◆ Task goal:
Print only the lines from the top of the data through the line with "Nhắc tới Đà", both included, skipping every picture.

◆ Data provided:
════════════════
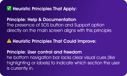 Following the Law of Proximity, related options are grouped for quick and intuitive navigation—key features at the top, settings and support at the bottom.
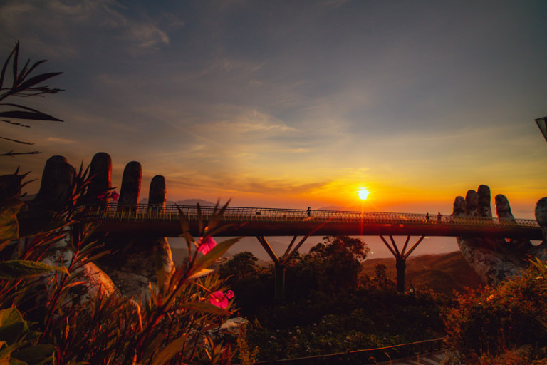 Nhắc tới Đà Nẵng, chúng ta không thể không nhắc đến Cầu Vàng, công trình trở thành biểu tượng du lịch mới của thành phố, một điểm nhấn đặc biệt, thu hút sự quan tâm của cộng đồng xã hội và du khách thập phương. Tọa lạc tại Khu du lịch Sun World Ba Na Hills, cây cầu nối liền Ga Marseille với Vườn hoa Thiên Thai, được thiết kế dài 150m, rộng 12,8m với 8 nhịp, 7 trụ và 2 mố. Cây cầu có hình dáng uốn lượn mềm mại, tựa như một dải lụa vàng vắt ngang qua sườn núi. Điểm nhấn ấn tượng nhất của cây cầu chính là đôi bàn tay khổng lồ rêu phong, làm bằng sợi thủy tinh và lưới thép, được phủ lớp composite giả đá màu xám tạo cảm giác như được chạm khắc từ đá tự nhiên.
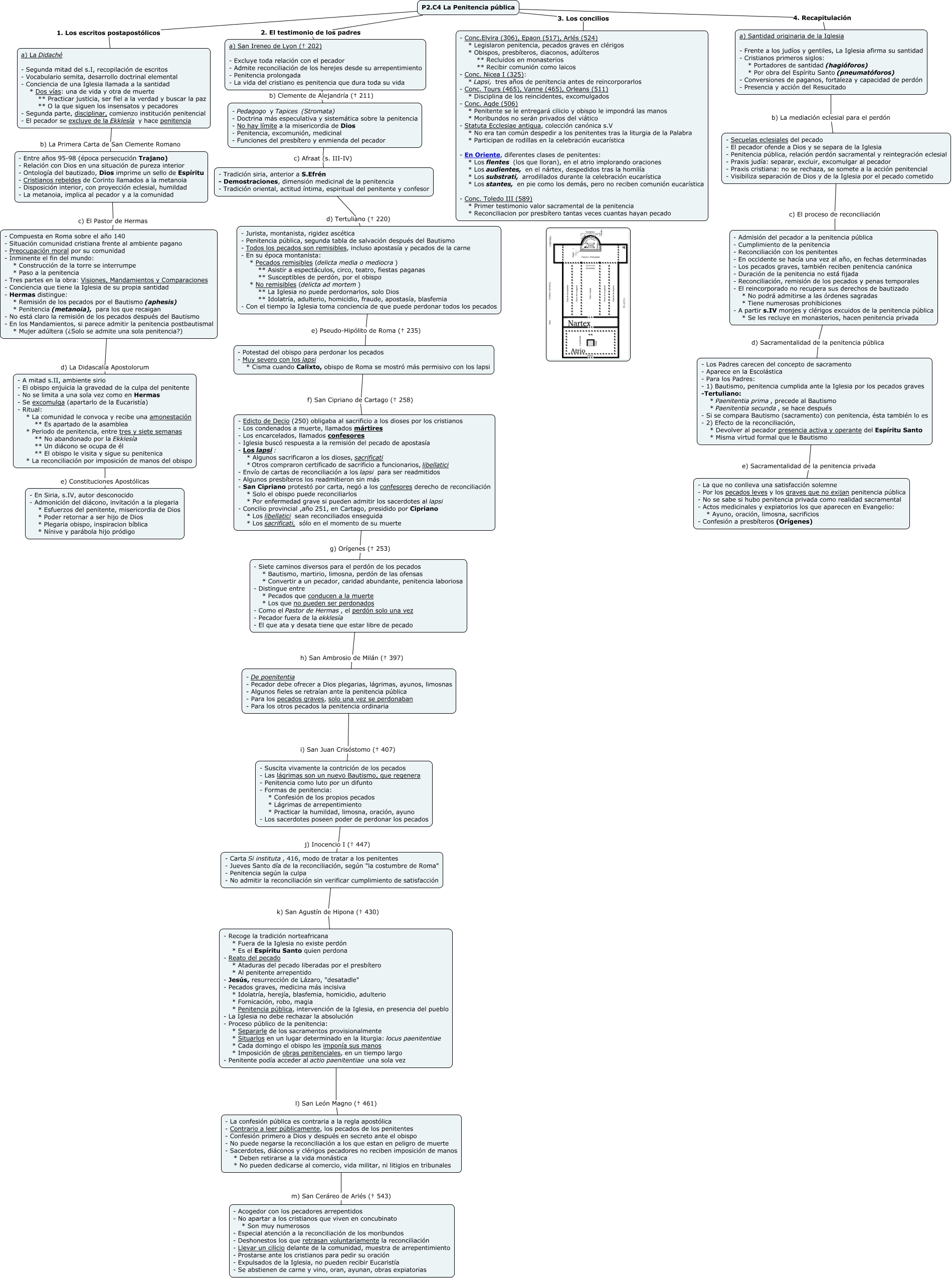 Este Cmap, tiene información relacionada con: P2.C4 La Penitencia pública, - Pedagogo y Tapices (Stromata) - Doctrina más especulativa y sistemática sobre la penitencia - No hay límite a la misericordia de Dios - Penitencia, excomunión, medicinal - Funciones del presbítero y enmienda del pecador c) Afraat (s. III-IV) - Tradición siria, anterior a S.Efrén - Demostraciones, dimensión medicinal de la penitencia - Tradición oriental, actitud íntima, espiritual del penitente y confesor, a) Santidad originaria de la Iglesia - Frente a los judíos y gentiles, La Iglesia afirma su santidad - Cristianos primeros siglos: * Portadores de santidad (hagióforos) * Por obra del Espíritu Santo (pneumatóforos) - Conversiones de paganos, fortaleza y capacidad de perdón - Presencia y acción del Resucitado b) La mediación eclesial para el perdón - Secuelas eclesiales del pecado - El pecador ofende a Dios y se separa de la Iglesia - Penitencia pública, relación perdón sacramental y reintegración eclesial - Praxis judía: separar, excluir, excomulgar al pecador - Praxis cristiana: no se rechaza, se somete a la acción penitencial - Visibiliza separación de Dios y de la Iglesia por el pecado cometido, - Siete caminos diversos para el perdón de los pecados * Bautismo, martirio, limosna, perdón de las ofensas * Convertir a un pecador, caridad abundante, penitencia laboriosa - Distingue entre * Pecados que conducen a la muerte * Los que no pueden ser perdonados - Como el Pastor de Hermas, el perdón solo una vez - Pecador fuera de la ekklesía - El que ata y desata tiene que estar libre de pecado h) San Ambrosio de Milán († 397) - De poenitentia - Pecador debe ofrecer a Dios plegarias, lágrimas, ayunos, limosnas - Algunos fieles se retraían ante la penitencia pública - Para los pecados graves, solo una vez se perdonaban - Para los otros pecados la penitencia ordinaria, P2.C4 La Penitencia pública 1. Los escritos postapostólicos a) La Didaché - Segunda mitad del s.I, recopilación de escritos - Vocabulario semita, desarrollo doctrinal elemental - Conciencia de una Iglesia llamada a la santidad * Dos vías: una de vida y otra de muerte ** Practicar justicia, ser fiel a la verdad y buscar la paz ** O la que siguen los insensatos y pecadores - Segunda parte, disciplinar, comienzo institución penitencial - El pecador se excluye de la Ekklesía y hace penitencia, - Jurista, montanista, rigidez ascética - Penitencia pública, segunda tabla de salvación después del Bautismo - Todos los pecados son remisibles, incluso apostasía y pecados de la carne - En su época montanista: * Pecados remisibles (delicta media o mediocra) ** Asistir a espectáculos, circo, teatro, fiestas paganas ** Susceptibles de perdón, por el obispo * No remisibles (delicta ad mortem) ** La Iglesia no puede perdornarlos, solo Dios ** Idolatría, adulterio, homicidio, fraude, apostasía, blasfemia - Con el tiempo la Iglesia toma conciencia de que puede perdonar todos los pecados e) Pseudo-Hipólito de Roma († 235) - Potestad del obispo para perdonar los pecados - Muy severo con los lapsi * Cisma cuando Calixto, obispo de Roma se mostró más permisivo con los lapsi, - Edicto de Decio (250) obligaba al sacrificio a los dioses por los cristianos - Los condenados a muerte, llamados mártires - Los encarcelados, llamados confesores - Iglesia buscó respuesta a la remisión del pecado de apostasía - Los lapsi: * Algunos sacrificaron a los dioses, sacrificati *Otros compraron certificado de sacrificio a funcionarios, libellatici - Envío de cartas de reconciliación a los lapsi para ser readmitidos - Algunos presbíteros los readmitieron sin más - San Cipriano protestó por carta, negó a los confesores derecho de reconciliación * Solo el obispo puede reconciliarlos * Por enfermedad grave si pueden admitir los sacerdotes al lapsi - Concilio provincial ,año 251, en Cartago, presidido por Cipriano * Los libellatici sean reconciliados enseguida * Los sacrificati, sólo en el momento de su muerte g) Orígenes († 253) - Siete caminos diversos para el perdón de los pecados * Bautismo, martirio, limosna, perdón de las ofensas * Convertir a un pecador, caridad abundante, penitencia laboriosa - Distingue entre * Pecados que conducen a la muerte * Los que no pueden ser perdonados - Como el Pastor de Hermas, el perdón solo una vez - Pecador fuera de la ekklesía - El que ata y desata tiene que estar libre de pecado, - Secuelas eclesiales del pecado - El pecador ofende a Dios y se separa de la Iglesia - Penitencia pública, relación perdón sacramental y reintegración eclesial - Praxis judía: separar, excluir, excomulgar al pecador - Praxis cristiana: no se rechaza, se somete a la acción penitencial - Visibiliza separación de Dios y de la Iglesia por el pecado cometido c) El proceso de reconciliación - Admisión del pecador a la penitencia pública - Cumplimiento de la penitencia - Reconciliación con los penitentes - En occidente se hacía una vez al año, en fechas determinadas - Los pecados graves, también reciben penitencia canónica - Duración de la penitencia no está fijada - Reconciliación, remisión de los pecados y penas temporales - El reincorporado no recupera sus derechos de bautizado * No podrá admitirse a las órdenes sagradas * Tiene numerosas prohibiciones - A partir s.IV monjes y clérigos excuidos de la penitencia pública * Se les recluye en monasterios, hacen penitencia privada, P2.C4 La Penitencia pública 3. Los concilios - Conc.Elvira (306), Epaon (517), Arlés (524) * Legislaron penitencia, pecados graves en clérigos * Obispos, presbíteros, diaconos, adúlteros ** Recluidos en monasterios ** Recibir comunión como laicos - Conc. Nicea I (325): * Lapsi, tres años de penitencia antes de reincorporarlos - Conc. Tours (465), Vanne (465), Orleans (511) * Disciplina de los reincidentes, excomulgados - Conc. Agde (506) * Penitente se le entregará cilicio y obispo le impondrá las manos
════════════════
◆ Finished task:
 Following the Law of Proximity, related options are grouped for quick and intuitive navigation—key features at the top, settings and support at the bottom.
 Nhắc tới Đà Nẵng, chúng ta không thể không nhắc đến Cầu Vàng, công trình trở thành biểu tượng du lịch mới của thành phố, một điểm nhấn đặc biệt, thu hút sự quan tâm của cộng đồng xã hội và du khách thập phương. Tọa lạc tại Khu du lịch Sun World Ba Na Hills, cây cầu nối liền Ga Marseille với Vườn hoa Thiên Thai, được thiết kế dài 150m, rộng 12,8m với 8 nhịp, 7 trụ và 2 mố. Cây cầu có hình dáng uốn lượn mềm mại, tựa như một dải lụa vàng vắt ngang qua sườn núi. Điểm nhấn ấn tượng nhất của cây cầu chính là đôi bàn tay khổng lồ rêu phong, làm bằng sợi thủy tinh và lưới thép, được phủ lớp composite giả đá màu xám tạo cảm giác như được chạm khắc từ đá tự nhiên.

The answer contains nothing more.